Run Static Analysis Evaluation

options:
  -h, --help        show this help message and exit
  --model MODEL     OpenAI model to use
  --cache           Enable caching of results
  --n_shot N_SHOT   Number of examples to use for few-shot learning
  --use_similarity  Use similarity for fetching dataset examples

We need to use the logged in version of Semgrep to get access to more rules for vulnerability detection. So, make sure you login before running the eval script.

% semgrep login
API token already exists in /Users/user/.semgrep/settings.yml. To login with a different token logout use `semgrep logout`

After the run, the script will also create a log file which captures the stats for the run and the files that were fixed. You can see an example here.

Leaderboard

The top models on the leaderboard are all fine-tuned using the same dataset that we released called synth vuln fixes. You can read about our experience with fine-tuning them on our blog. You can also explore the leaderboard with this interactive visualization. Visualization of the leaderboard

Model StaticAnalysisEval (%) Time (mins) Price (USD)
gpt-4o-mini-fine-tuned 77.63 21:0 0.21
gemini-1.5-flash-fine-tuned 73.68 18:0
Llama-3.1-8B-Instruct-fine-tuned 69.74 23:0
gpt-4o 69.74 24:0 0.12
gpt-4o-mini 68.42 20:0 0.07
gemini-1.5-flash-latest 68.42 18:2 0.07
Llama-3.1-405B-Instruct 65.78 40:12
Llama-3-70B-instruct 65.78 35:2
Llama-3-8B-instruct 65.78 31.34
gemini-1.5-pro-latest 64.47 34:40
gpt-4-1106-preview 64.47 27:56 3.04
gpt-4 63.16 26:31 6.84
claude-3-5-sonnet-20240620 59.21 23:59 0.70
moa-gpt-3.5-turbo-0125 53.95 49:26
gpt-4-0125-preview 53.94 34:40
patched-coder-7b 51.31 45.20
patched-coder-34b 46.05 33:58 0.87
patched-mix-4x7b 46.05 60:00+ 0.80
Mistral-Large 40.80 60:00+
Gemini-pro 39.47 16:09 0.23
Mistral-Medium 39.47 60:00+ 0.80
Mixtral-Small 30.26 30:09
gpt-3.5-turbo-0125 28.95 21:50
claude-3-opus-20240229 25.00 60:00+
Llama-3-8B-instruct.Q4_K_M 21.05 60:00+
Gemma-7b-it 19.73 36:40
gpt-3.5-turbo-1106 17.11 13:00 0.23
Codellama-70b-Instruct 10.53 30.32
CodeLlama-34b-Instruct 7.89 23:16

The price is calcualted by assuming 1000 input and output tokens per call as all examples in the dataset are < 512 tokens (OpenAI cl100k_base tokenizer).
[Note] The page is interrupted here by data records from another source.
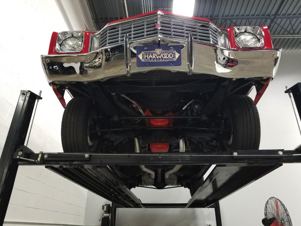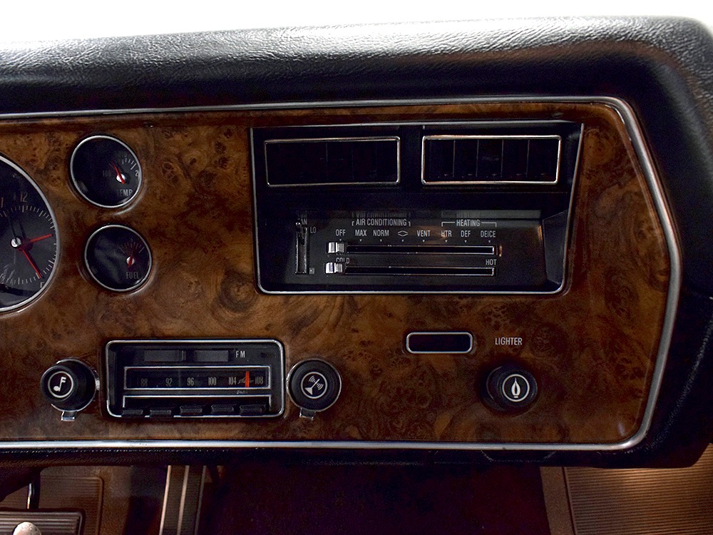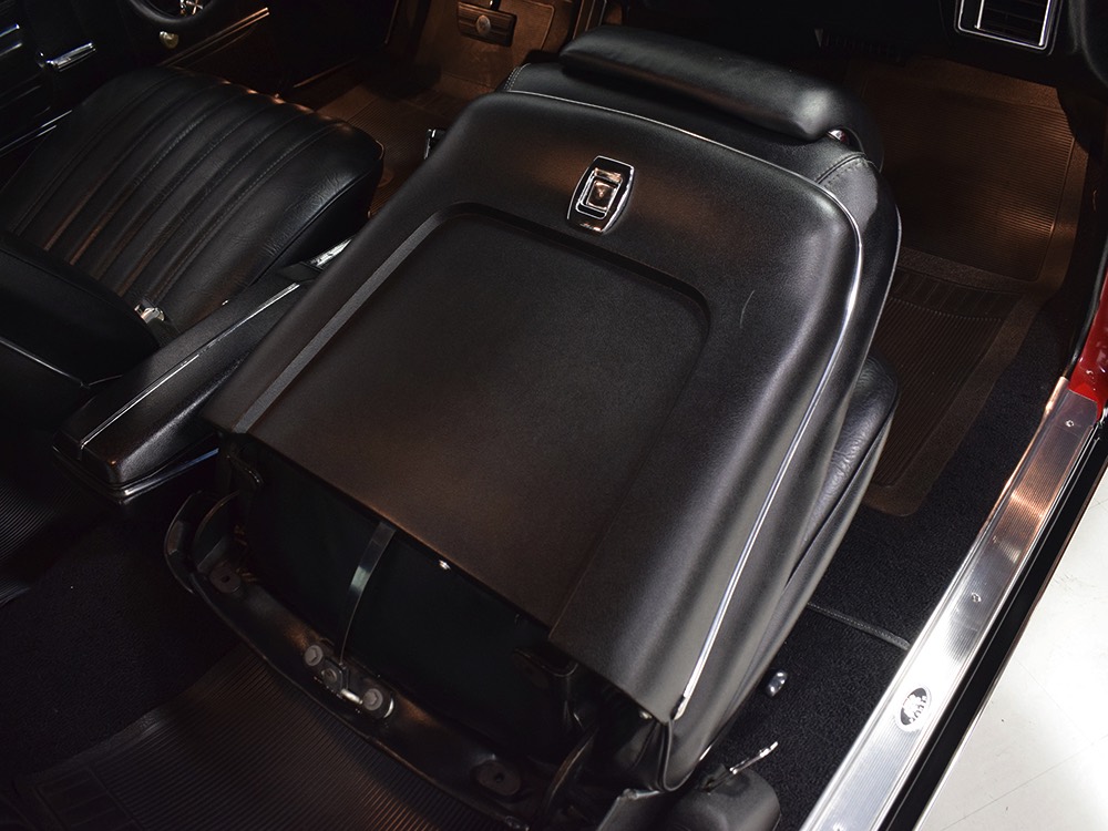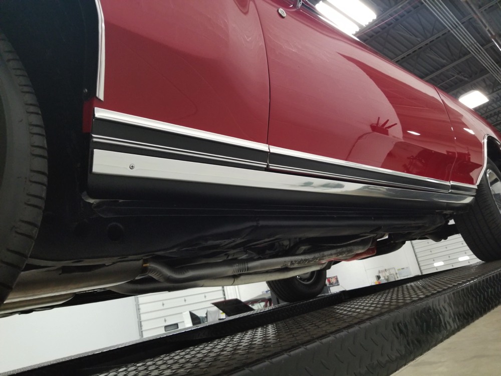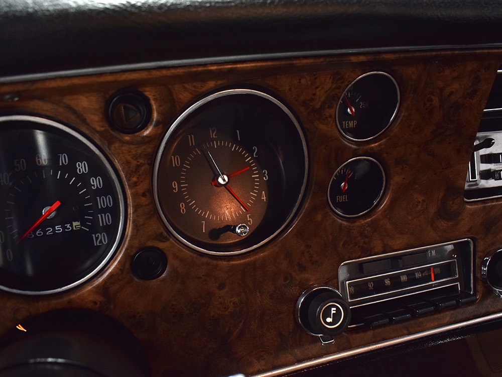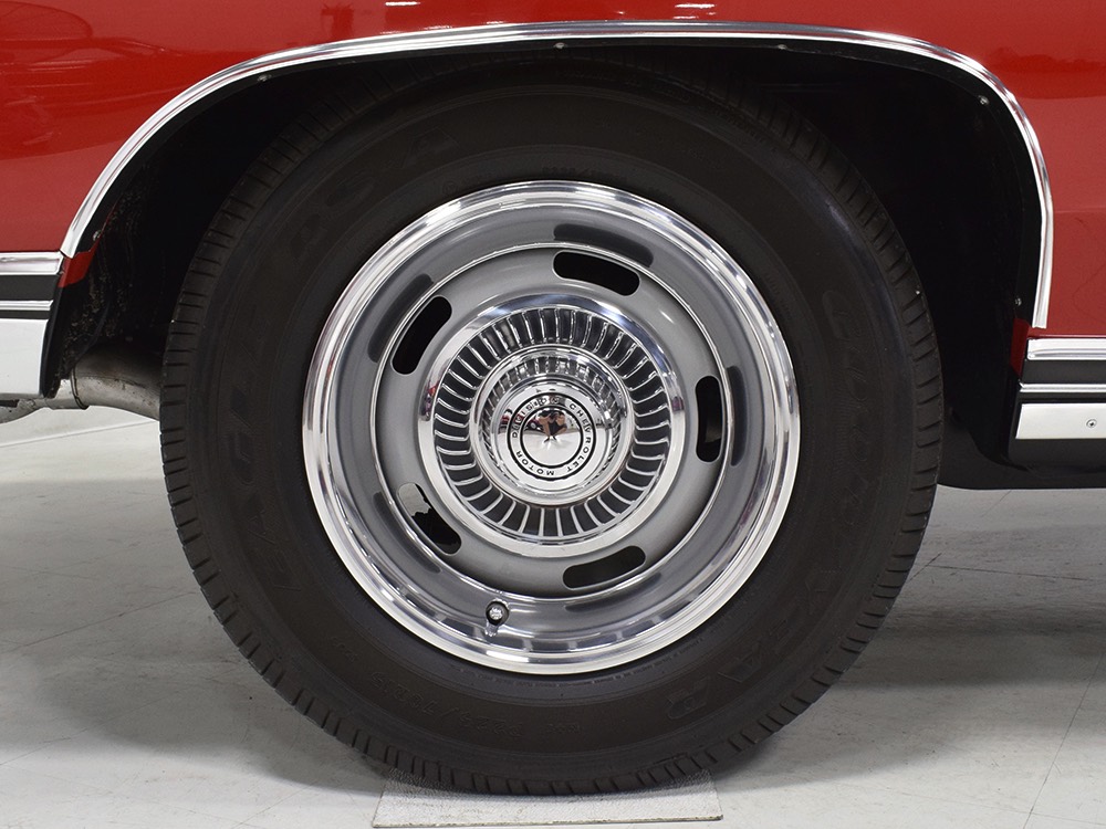 The only transmission you could get behind the burly 402 was a rugged TH400 3-speed automatic, which is the right choice in a luxury coupe like this. Fully rebuilt, it shifts seamlessly when you’re going gently but with real authority when you let the big block really stretch its legs, and it makes the big coupe feel 800 pounds lighter than it is. Like everything else on the car, the underside is highly detailed and in fantastic shape with only a few signs of use since it was finished. The exhaust system is non-stock, with great-sounding Pypes stainless mufflers, and I don’t think anyone will complain about that—and it does terminate in correct oval tips under the rear bumper. There are easy-cruising 3.08 gears in the 12-bolt rear end, and it rides and handles like a flagship should. Competent, comfortable, and effortless, with just a bit of an edge. Rally wheels are just the right choice and carry recent 225/70/15 Goodyear Eagle radials.
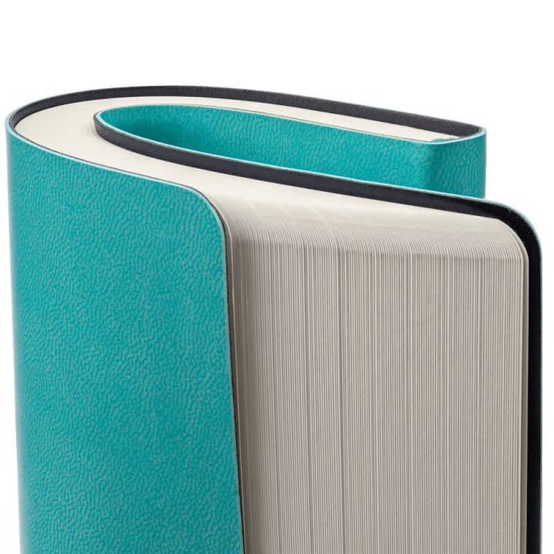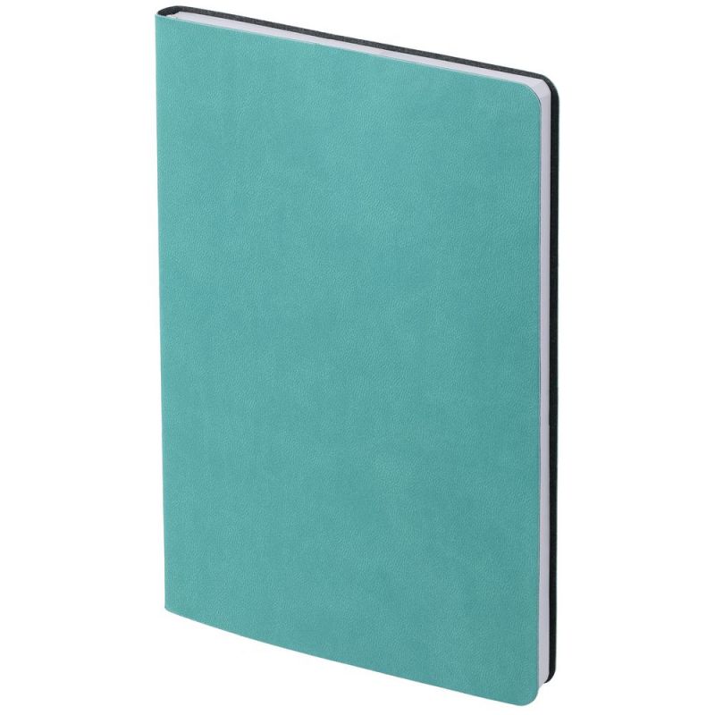 Ежедневник с гибкой обложкой, выполнен из материала Latte, бирюзовый, дополнен ляссе в цвет обложки.
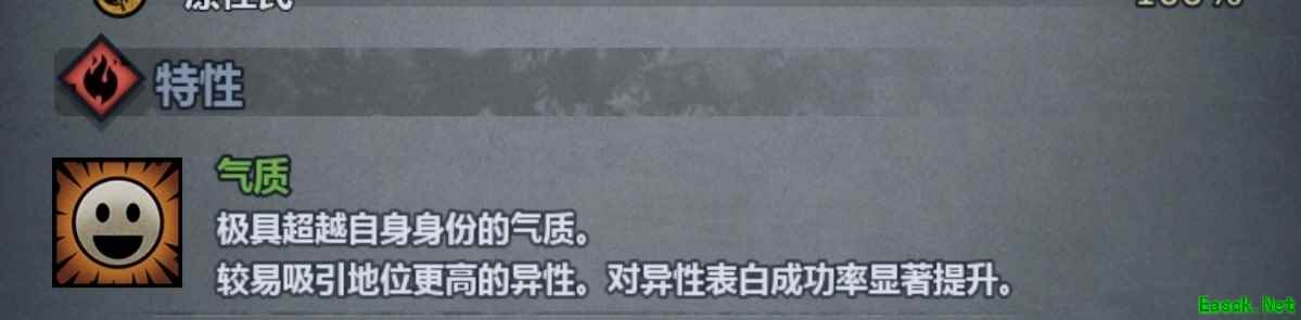 极富魅力 有这些特性的后代能跨级寻找更高爵位的配偶(如骑士找男爵、男爵找伯爵),而爵位是血脉提纯的关键前提! 使用方式:将这类角色放入城堡训练学校,专门教导子女“气质”属性,子女成年后凭借高气质和优质特性,搭配足够的声望(如声望友善可找男爵结婚),就能稳步提升家族爵位。
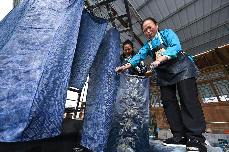 在贵州省丹寨县龙泉镇卡拉村的苗族蜡染工坊,村民在浸染蜡画(11月16日摄)。
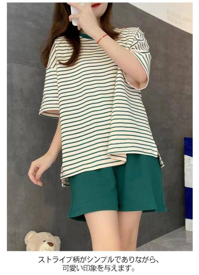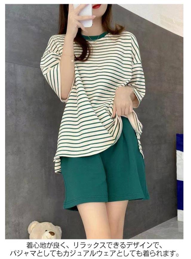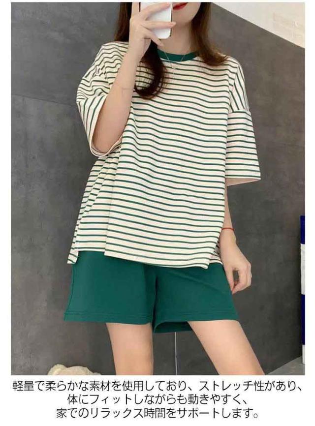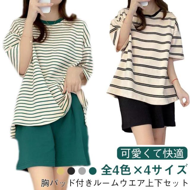 レディース ルームウェア ラウンドネック パジャマ Tシャツ 短パン 上下セット 半袖Tシャツ 夏用 カップ付き 半袖 ルームウェア カップ付き
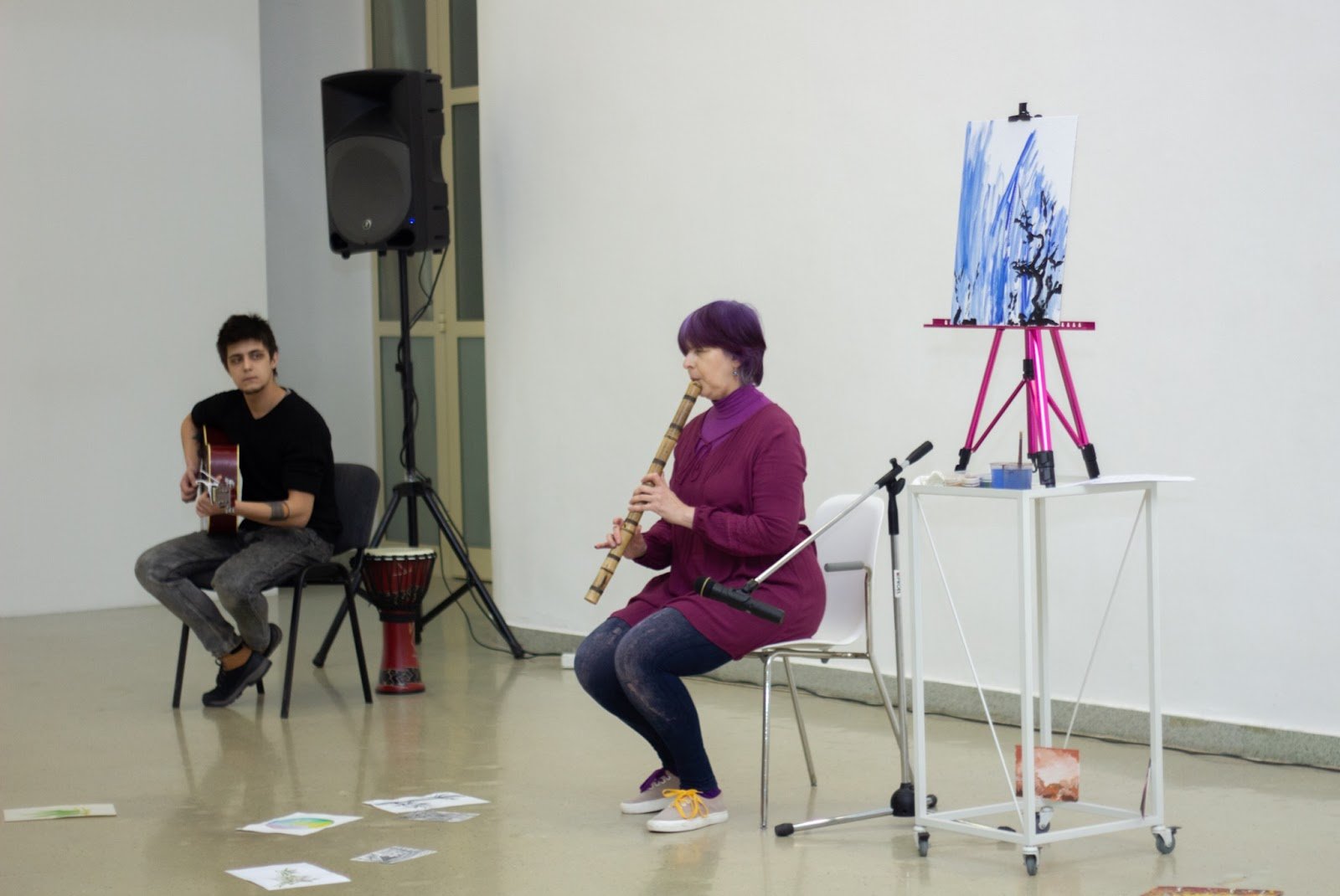 Тифлокомментарий: цветная фотография. Выступление Ирины Поволоцкой с аккомпаниатором. Музыканты сидят в зале с белыми стенами и высокими потолками. Темноволосый юноша играет на гитаре, внимательно смотрит на Ирину. Она солирует на флейте. На ней сиреневый пуловер, джинсы, волосы окрашены в фиолетовый цвет. Рядом с ней на мольберте закреплен рисунок: черное дерево на синем фоне.
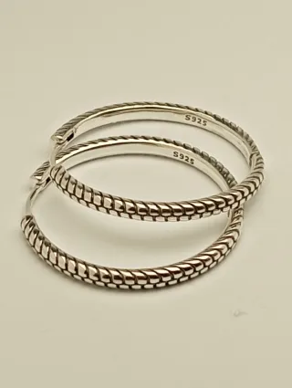 Eleganti orecchini a cerchio in argento S925. - Design a corda intrecciata. - Chiusura a scatto.

Some models timed out during the run or had intermittent API errors. We try each example 3 times in such cases. This is why some runs are reported to be longer than 1 hr (60:00+ mins).

If you want to add your model to the leaderboard, you can send in a PR to this repo with the log file from the evaluation run.